Materials and Methods

 

Flowers of different plants, cavity slides, sucrose, boric acid, distilled water, beaker, micro-scopes etc were collected.

 

A nutrient solution was prepared by dissolving 1 gm of sucrose in 100 ml distilled water. Five clean cavity slides were taken and a few drops of nutrient solution was put in the cavity of each slides.
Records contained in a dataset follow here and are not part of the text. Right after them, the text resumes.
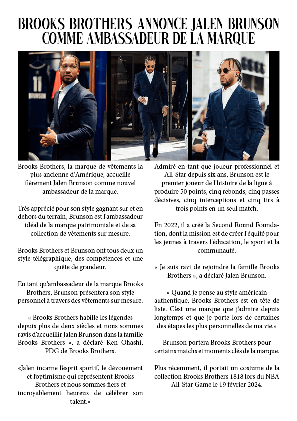 Brooks Brothers annonce Jalen Brunson comme ambassadeur de la marque 17 avril 202412 mars 2024 par dunkiin Partager : Cliquer pour partager sur X(ouvre dans une nouvelle fenêtre) X Cliquez pour partager sur Facebook(ouvre dans une nouvelle fenêtre) Facebook J’aime chargement… dunkiin Laisser un commentaire Annuler la réponse. Δ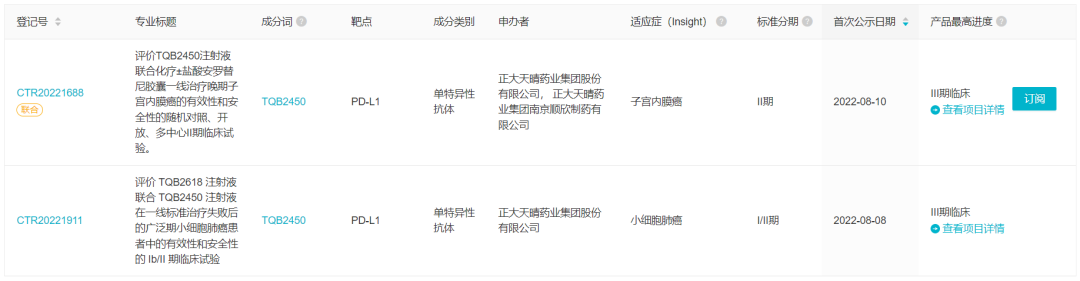 TQB2450 是正大天晴开发的 PD-L1 单抗。8 月份该药启动了两项新的临床试验,一项 II 期临床联用自家管线安罗替尼一线治疗晚期子宫内膜癌(CTR20221688),一项 Ib/II 期临床联用自家 TIM3 单抗 TQB2618(CTR20221911)。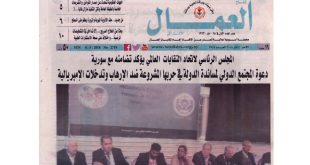 المزيدإعلان اتحاد النقابات العالمي تضامنه مع سورية يتصدر غلاف (كفاح العمال)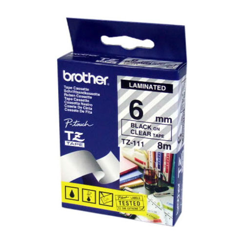 Brother Laminated TZ-Tape * Black Printing on Clear Tape * 6mm Width * 8m Length

In this nutrient solution the pollen grains from different flowers were dusted. Similarly another nutrient medium was prepared by dissolving 1 gm of boric acid in 100ml of distilled water and the experiment was repeated with the pollen grains of flowers of different plants.

 

Observation and Results

 

Observe each slide containing sucrose solution one by one under five different microscopes after 5 minutes and after one minute each. Similarly observe each slide containing boric acid solution one by one under five different microscopes. Record the observations in the tabular column given below.

 

Rates of pollen germination of different species of plants in sucrose solution


Rates of pollen germination of different species of plants in boric acid solution


Discussions and Conclusions

 

The viable pollen grains germinate in both the nutrient solutions. But the germination percentage varies in boric acid solution and sucrose solution. This also depends upon the species variation and time factor.

 

References

 

Give a list of books and other reading materials you have referred for the present project work.

 

Viva Questions and Answers

 

1. What are viable pollen grains?


The pollen grains which are able to germinate and produce male gametes are called viable pollen grains.

 

2. Why a nutrient solution is required for pollen germination?


Because nutrients are essential for the growth of pollen tube.

 

3. Where do pollen grains germinate?


Pollen grains germinate on the stigma.